* _INSTRUCTIONS TO FOLLOW_: An exact copy of every line from the one holding "Zu einem fröhlichen" to the end of the entries below is required; leave the pictures out.

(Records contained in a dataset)

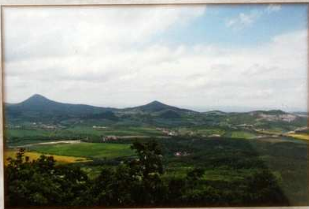
Milešovka, Kletečná a Kubačka - lom Dobkovičky. Pohled z vyhlídky Lovoše.
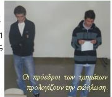
Οι πρόεδροι των τμημάτων προλογίζουν την εκδήλωση.
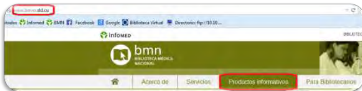
Fig.7. Página WEB BMN

Los usuarios con dominio sld.cu pueden acceder al sitio web de la BMN en la sesión Productos informativos http://www.bmns.sld.cu/ . Los interesados se subscriben a una lista de distribución conservamed@listas.sld.cu y la reciben por correo electrónico. Fig.7,8 y 9
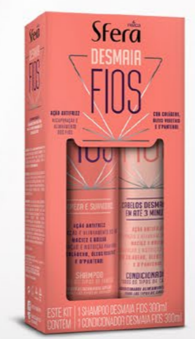
SFERA KIT DESMAIA FIOS 300ML: 0106.0903
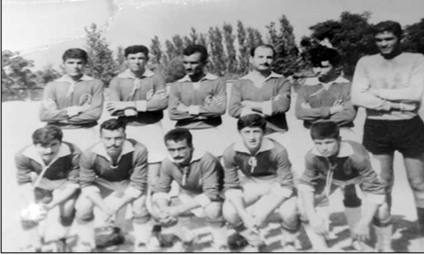
Hasköy futbol takımı
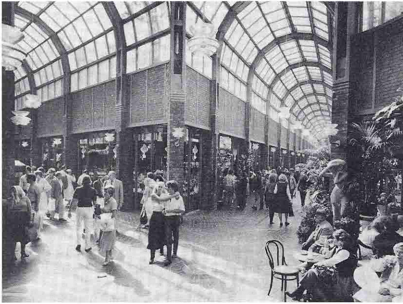
Zu einem fröhlichen Schaufenster der Welt ist das »Hanse-Viertel« in Hamburg geworden – ein beliebter Treffpunkt von jung und alt.

men der Hauptkirchen und des Rathauses bestimmt. Von Hamburgs barockem Wahrzeichen, dem Michel, kann man in luftiger Höhe Hafen, Alster und Alt-Hamburg überblicken. Alt-Hamburgische Bürgerhäuser, von denen in der Deichstraße und im Cremon noch einige erhalten sind, vereinigten früher häufig Kontor, Speicher und Wohnung des Kaufmanns
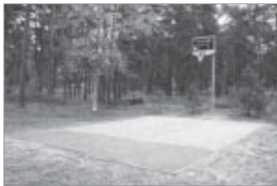
◀ „PROGRESSIO” projekts „Sportiskai Kadagai”
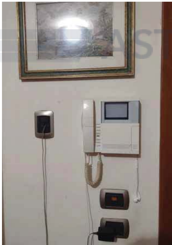
Foto n.14- Videocitofono
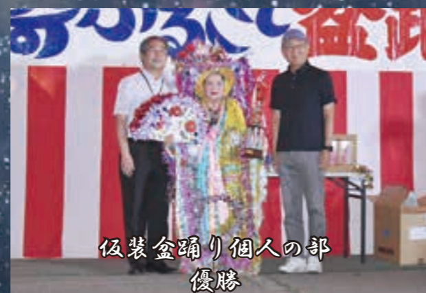
仮装盆踊り個人の部 優勝
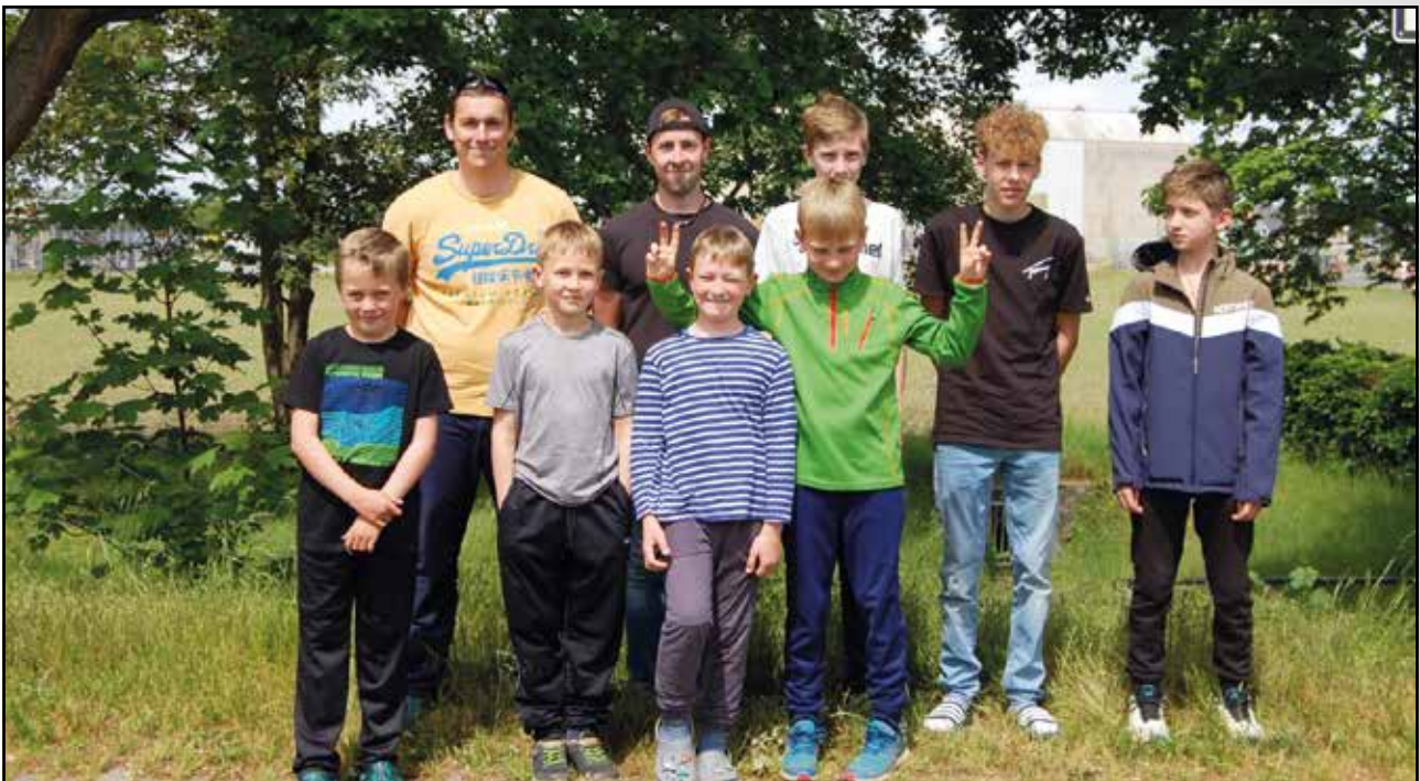
Unser Regatta-Team in Hannover
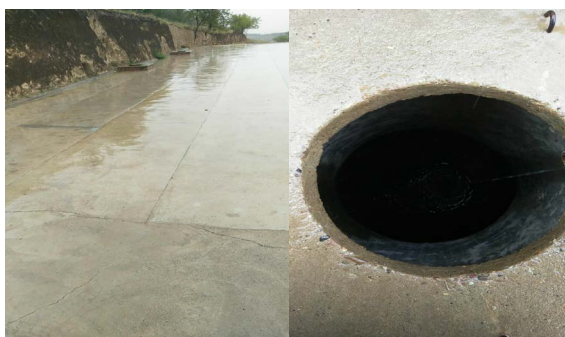
Figure 3. Xu Zhaosheng village water cellar in Long Bai Shan village, Mao Jing Township, Huan County, Qingyang, Gansu 图 3. 甘肃庆阳环县毛井乡龙柏山村阴庄自然村徐朝生农户水窖
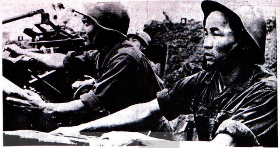
Yukarıda, kurtuluş mücadelesi veren Kuzey Vietnam askerlerinden ikisi silahları başında görülüyor .

NATO, kurulduğu günden beri, emperyalizmin Avrupa'da bütün demokratik ve ilerici akımları bastırmak için sosyalist ülkelere saldırarak için güvendiği ve kullandığı bir araç olmuştur. NATO, Portekiz'deki faşist rejimi her yönden desteklemiş, Yunanistan'da, Türkiye'de de askeri diktanın kuruluşunu planlamış ve idare etmiş, ayrıca, İtalya, Fransa ve Federal Almanya Cumhuriyeti için de bu şekilde benzer planları hazırlamış bir örgüttür. Bu amaçlara hizmet için emperyalistler, Hitler'den, Mussolini'den artakalmış bir sürü faşisti NATO içinde toplamışlar ve bunları en önemli yerlere getirmişlerdir. Birindelli olayı bir kere daha gösteriyor ki, demokrasi ve barıştan yana olan, insan haklarına saygı gösteren herkes için NATO ile mücadele etmek bir görevdir.

* _EXERCISE RESULT_:
Zu einem fröhlichen Schaufenster der Welt ist das »Hanse-Viertel« in Hamburg geworden – ein beliebter Treffpunkt von jung und alt.

men der Hauptkirchen und des Rathauses bestimmt. Von Hamburgs barockem Wahrzeichen, dem Michel, kann man in luftiger Höhe Hafen, Alster und Alt-Hamburg überblicken. Alt-Hamburgische Bürgerhäuser, von denen in der Deichstraße und im Cremon noch einige erhalten sind, vereinigten früher häufig Kontor, Speicher und Wohnung des Kaufmanns
◀ „PROGRESSIO” projekts „Sportiskai Kadagai”
Foto n.14- Videocitofono
仮装盆踊り個人の部 優勝
Unser Regatta-Team in Hannover
Figure 3. Xu Zhaosheng village water cellar in Long Bai Shan village, Mao Jing Township, Huan County, Qingyang, Gansu 图 3. 甘肃庆阳环县毛井乡龙柏山村阴庄自然村徐朝生农户水窖
Yukarıda, kurtuluş mücadelesi veren Kuzey Vietnam askerlerinden ikisi silahları başında görülüyor .

NATO, kurulduğu günden beri, emperyalizmin Avrupa'da bütün demokratik ve ilerici akımları bastırmak için sosyalist ülkelere saldırarak için güvendiği ve kullandığı bir araç olmuştur. NATO, Portekiz'deki faşist rejimi her yönden desteklemiş, Yunanistan'da, Türkiye'de de askeri diktanın kuruluşunu planlamış ve idare etmiş, ayrıca, İtalya, Fransa ve Federal Almanya Cumhuriyeti için de bu şekilde benzer planları hazırlamış bir örgüttür. Bu amaçlara hizmet için emperyalistler, Hitler'den, Mussolini'den artakalmış bir sürü faşisti NATO içinde toplamışlar ve bunları en önemli yerlere getirmişlerdir. Birindelli olayı bir kere daha gösteriyor ki, demokrasi ve barıştan yana olan, insan haklarına saygı gösteren herkes için NATO ile mücadele etmek bir görevdir.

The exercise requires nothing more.